路過一家便利店,看到門口電視裏正在播放財經新聞。
許藝在接受采訪。
她穿著得體的西裝,麵對鏡頭侃侃而談。
“星途科技未來將聚焦智能出行領域,爭取在三年內實現L4級自動駕駛的商業化落地。”
記者問:“聽說貴公司前聯合創始人江潮先生是這個領域的專家,他的離開會不會影響研發進度?”
許藝笑容不變。
“江潮先生是個很好的工程師,但星途是一個團隊,不是某個人的。”
“那對於江潮先生的未來,您有什麼想說的嗎?”
“祝他找到適合自己的位置。”
許藝的笑容無懈可擊。
我站在那裏,看著屏幕上那張熟悉又陌生的臉。
六年前在出租屋裏熬夜寫代碼的許藝,說著“我們一定會做出改變世界的東西”的許藝,嘴唇幹裂卻眼睛明亮的許藝。
已經被眼前這個人殺死了。
發布會倒計時兩天。
我帶著林嶼和陳磊在新辦公室裏連軸轉。
新公司叫“雲際智能”,選址在老城區一棟三層小樓裏,月租三萬二,比星途科技的獨棟寫字樓寒酸了不止一點。
但這裏的服務器,跑著世界上最先進的自動駕駛算法。
“老大,實車測試數據出來了。”
陳磊推門進來,眼圈黑得像熊貓,表情卻很亢奮,“城市場景通過率百分之九十九點三,高速場景百分之百。碾壓市麵上所有產品。”
“把測試視頻剪輯出來,發布會上放。”
“好嘞。”他把U盤插進電腦,“不過老大,有個事......”
“說。”
“今天上午有個獵頭給我打電話,開價雙倍年薪讓我去星途。

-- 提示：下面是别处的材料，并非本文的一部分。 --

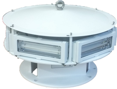
EP 1966535B1 &amp; US 7816843
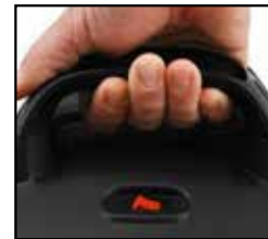
Built in top carry handle
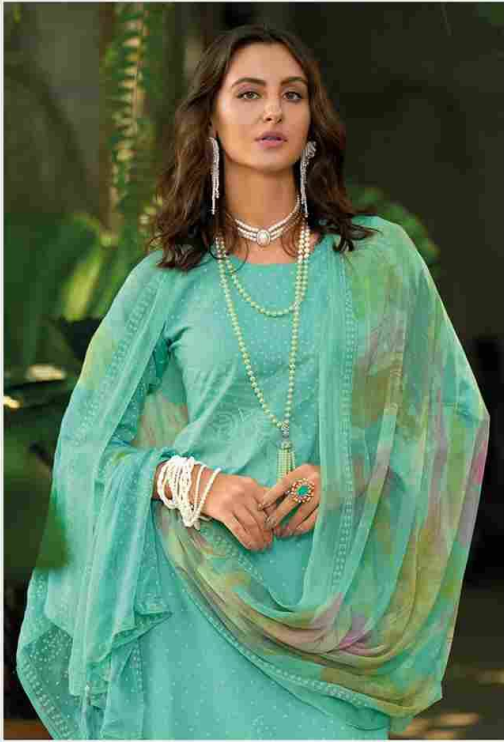
FASHION IS A SAGA
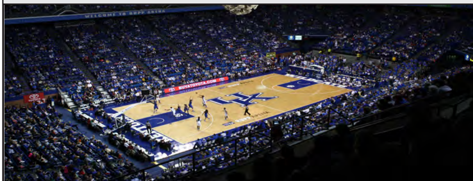
Rupp Arena (23,000)
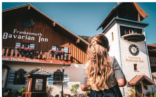
*Previous winner shown
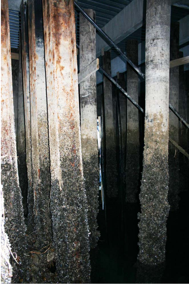
Cap B7 from North
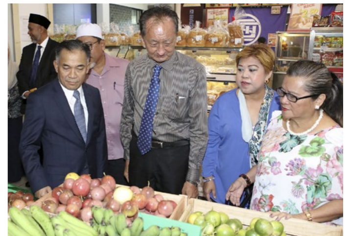
The Minister of Primary Resources and Tourism taking a closer look at the vegetables and fruits sold at Sim Kim Huat Supermarket.

jointly participate in the project to ensure that crop yields can be supplied continuously.
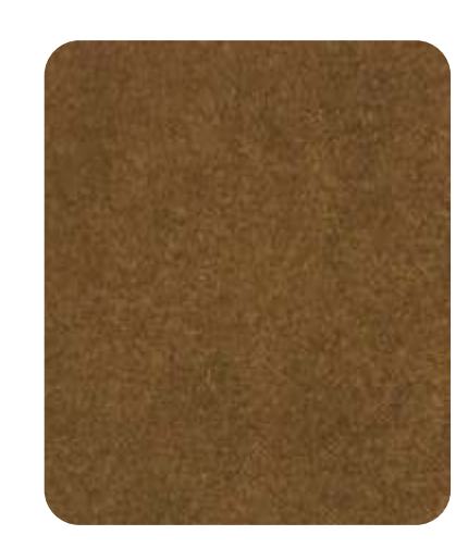
RENO - 905
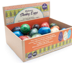
POS1 - Shaky Eggs (quantity 35) £50.00
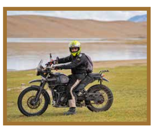
Shot at Kyagar Tso (RNR Season 2021)

What we serve on a platter are very unique, untouched routes of unexplored Ladakh. The inclusion of Tso Moriri & Kyagar Tso via Kaksang La (Pass) is a classic example to prove this point. This less travelled route will give you that extra adrenaline rush that you have been dreaming for a while.
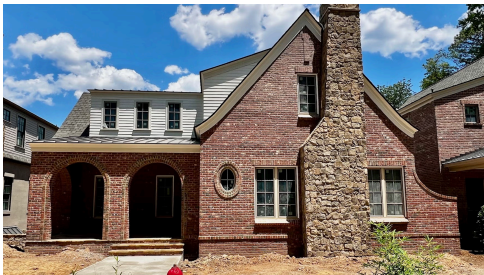
June 2026 - Exterior

Homes in Pinecrest honor the architectural legacy of the area, featuring Tudor-inspired exteriors paired with refined, modern interiors. Mature trees, natural hardscapes, and curated landscaping create a setting that feels both established and inviting. Here, you can enjoy the privacy of a retreat while remaining just minutes from Durham's dining, arts, and cultural destinations, with Raleigh-Durham International Airport
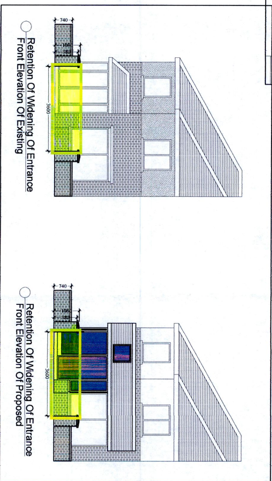
Retention Of Widening Of Entrance
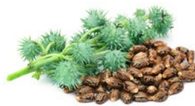
CASTOR OIL Ricinus communis
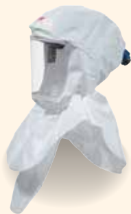
3M™ Versaflo™ Hood Assembly S-657

Head, face, neck and shoulder coverage. Its respiratory seal is a comfortable, knitted inner collar that is shorter and thinner than previous models. General purpose, cost-effective fabric.
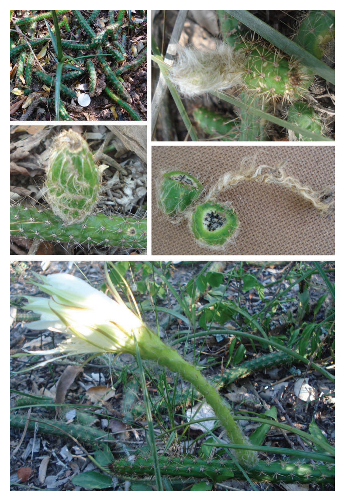
Figure 1. Trichocereus hahnianus as rediscovered in the wild. Top left, many rooted stems together with a Bromelia sp. (the coin is 23 mm in diameter). Top right: flower bud. Middle left: full fruit. Middle right: fruit cut transversely (fruit not collected; seed maturity unknown). Bottom: flower. Picture, \\s L.P. de Molas except top right, R. Kiesling.
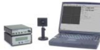
Complete On-Trak position sensing solution.

Complimentary BeamTrak software makes it easy to collect, display and ana-
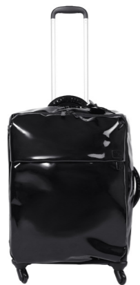
SPINNER 65/24 FL 4 WHEELS 4 ROUES REF. 66376 ● ● ● 44 X 65 X 28 CM 3.1 KG 71.5 L
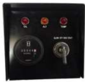
Isuzu Light Panel (A)
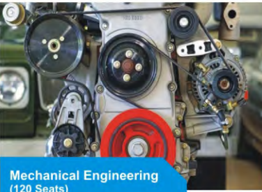
Mechanical Engineering (120 Seats)
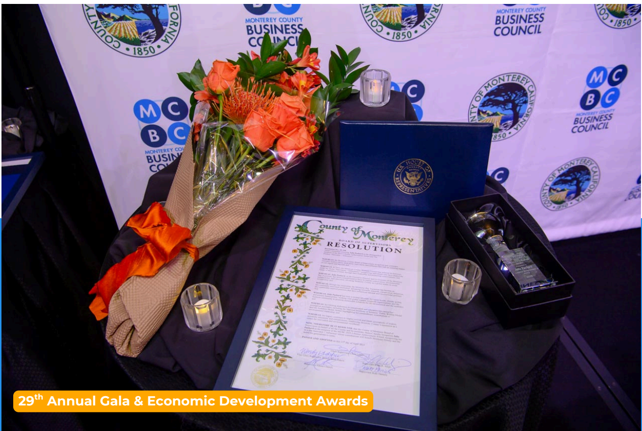
29 th Annual Gala & Economic Development Awards
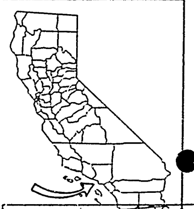
EXHIBIT "B" W 2400.156
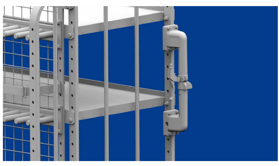
Due to the electricical aid of the kitting trolley, it can now be moved easily and flexibly with one-hand operation even outside the route train.

許藝最近在瘋狂挖人,我們這些離職的老員工,條件給的很大方。”
林嶼抬起頭,“她怕了。”
“對,她怕了。”陳磊冷笑,“怕我們搞出新東西來,又拉不下臉來求我們。所以幹脆把錢撒出去,把人穩住,順便做給投資人看。”
“那為什麼你們倆還在這兒?”
陳磊咧嘴一笑,“跟著老大有肉吃。”
林嶼也笑了,“當年我研究生畢業第一份工作就是江哥帶的,別人給多少錢都挖不走。”
我看著他們,胸口湧上一股暖意。
下午三點,溫姐來了。
她做媒體十幾年,在這一行很有分量。
帶了一個拍攝團隊,說是要給我做專訪。
“江潮,你現在必須站出來。”她坐在我對麵,架好機位,“星途那邊也收到了你的發布會邀請函,許藝那邊已經在鋪稿子了,你如果不在輿論上反擊,發布會當天就算拿出產品,也會被他們說成是‘剽竊前公司技術’。”
“我知道。”我整了整衣服,“開始吧。”
鏡頭亮起紅燈。
溫姐開口:“江總,能跟我們說說,為什麼離開星途之後,會選擇重新創業嗎?”
我看著鏡頭。
“因為我放不下。”
“放不下什麼?”
“放不下那些代碼,那些設計圖,那些在實驗室裏通宵的夜晚。”我頓了頓,“星途科技的核心技術,從第一行代碼到最新的算法架構,全部出自我手。我走了,技術就死了。這個行業需要有人做更難的事,所以我回來了。”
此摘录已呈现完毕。